On 7 December, as the rebel militant group HTS (Hayat Tahrir al-Sham) neared the capital, neighbourhoods dismantled his symbols of power. The next day, Assad fled to Moscow. For the first time, Syrians woke to a country free from dictatorship: prisons liberated, statues toppled, images torn down. After 13 years of war, during which millions had been displaced and countless lives lost, Syria was ours again. I was proud: a day before HTS entered Damascus, the statues were destroyed without foreign or local armies involved. The city was liberated by its citizens – a detail omitted in the news but one we hold on to with pride.
Immediately, friends and fans messaged me with hopes of finally watching my films in public screenings in Damascus, rather than in secret clubs. One friend asked if I would screen The Day I Lost My Shadow, my debut feature that won the Lion of the Future at Venice in 2018. We joked that it might need to be shown in another secret club, as some characters’ dialogue – questioning God’s existence amid war – had already provoked a backlash. Now, as cinema in Syria transitions from secret acts of defiance to public expressions, there’s a quiet concern that a new form of censorship may be on the horizon. Yesterday, a prominent talented Syrian actor I once worked with was brutally beaten for drunkenly uttering blasphemous words. The official Syrian TV channels broadcast brief news segments before going black. And in this blackness lies our fear – the fear strict interpretations of Islamic laws and Sharia will be inflicted on our cultural public space. For now, all our programmes, films and popular TV dramas are absent, not a priority.

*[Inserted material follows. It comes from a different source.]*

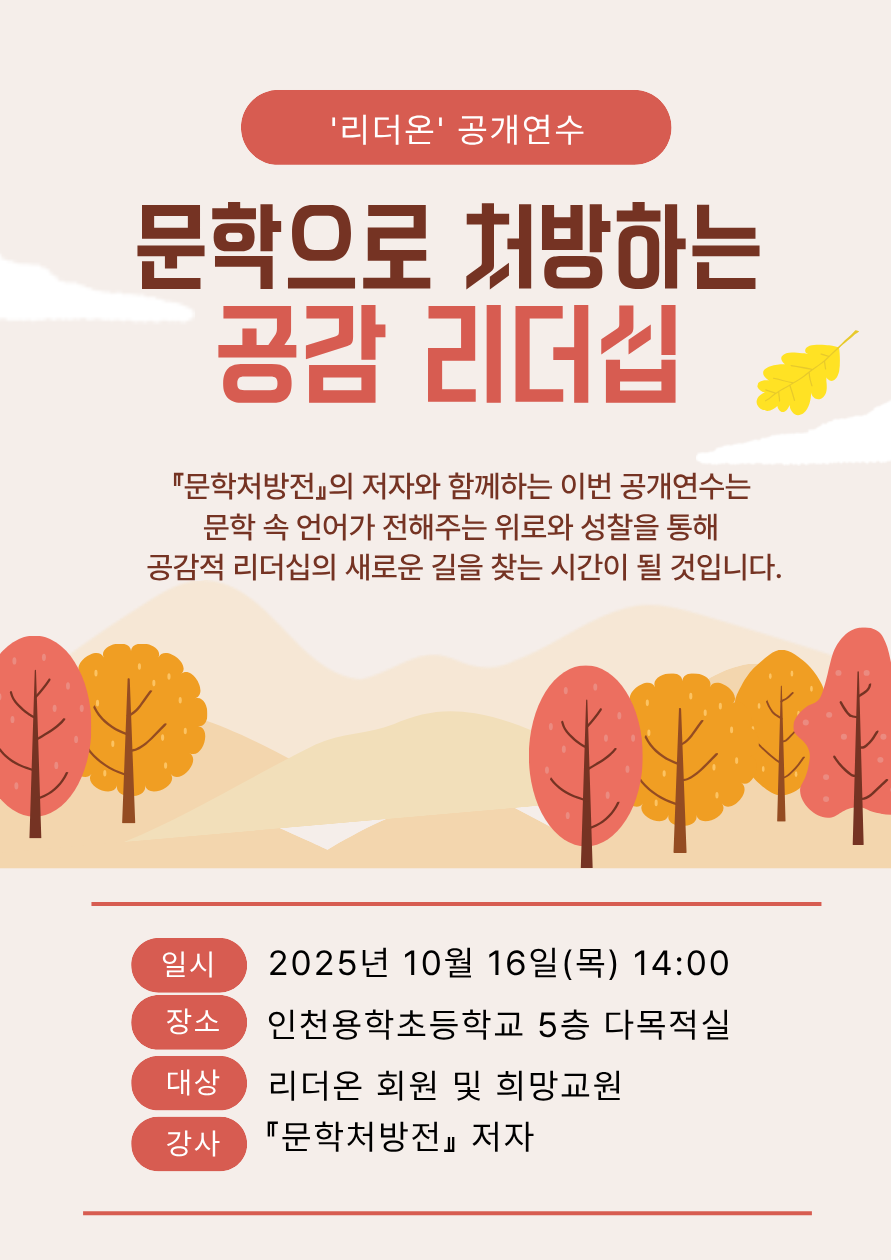 주제연구형 사회정서학습(SEL) 미추홀구 문학으로 처방하는 공감리더십(작가와의 만남) 공동체명리더온 일시2025년 10월 16일 14:00~16:30 장소인천용학초 5층 다목적실 좌석13석 / 20석 나눔방법공개연수(대면) 담당자인천용학초병설유치원 성은영 신청기간 마감 목록보기
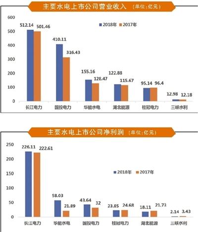 國(guó)內(nèi)主要水電上市公司近期陸續(xù)發(fā)布2018年年報(bào)。萬(wàn)德數(shù)據(jù)分析顯示,水電板塊20家上市企業(yè)2018年共實(shí)現(xiàn)營(yíng)收1126.35億元,同比增長(zhǎng)5.71%;實(shí)現(xiàn)歸母凈利潤(rùn)總計(jì)365.02億元,同比增長(zhǎng)11.96%。其中,長(zhǎng)江電力、華能水電、國(guó)投電力、三峽水利、湖北能源、桂冠電力等主要上市企業(yè)2018年均實(shí)現(xiàn)盈利,但增速不一:華能水電凈利潤(rùn)增幅居首,同比增165.1%;國(guó)投電力、長(zhǎng)江電力同比增35.02%、1.57%;三峽水利、湖北能源、桂冠電力凈利潤(rùn)增速由正轉(zhuǎn)負(fù),分別減少37.8%、16.67%、3.38%。

The storm isn’t over yet. We’ve only just surfaced, gasping for air. Censorship still looms, but so does a new energy. Civil and cultural organisations are roaring to protect our fragile freedom. Syrians are fighting to reclaim public spaces and narratives, determined to clear the dark skies overhead. While the journey ahead is uncertain, one thing is clear: we’re finally swimming towards the shore.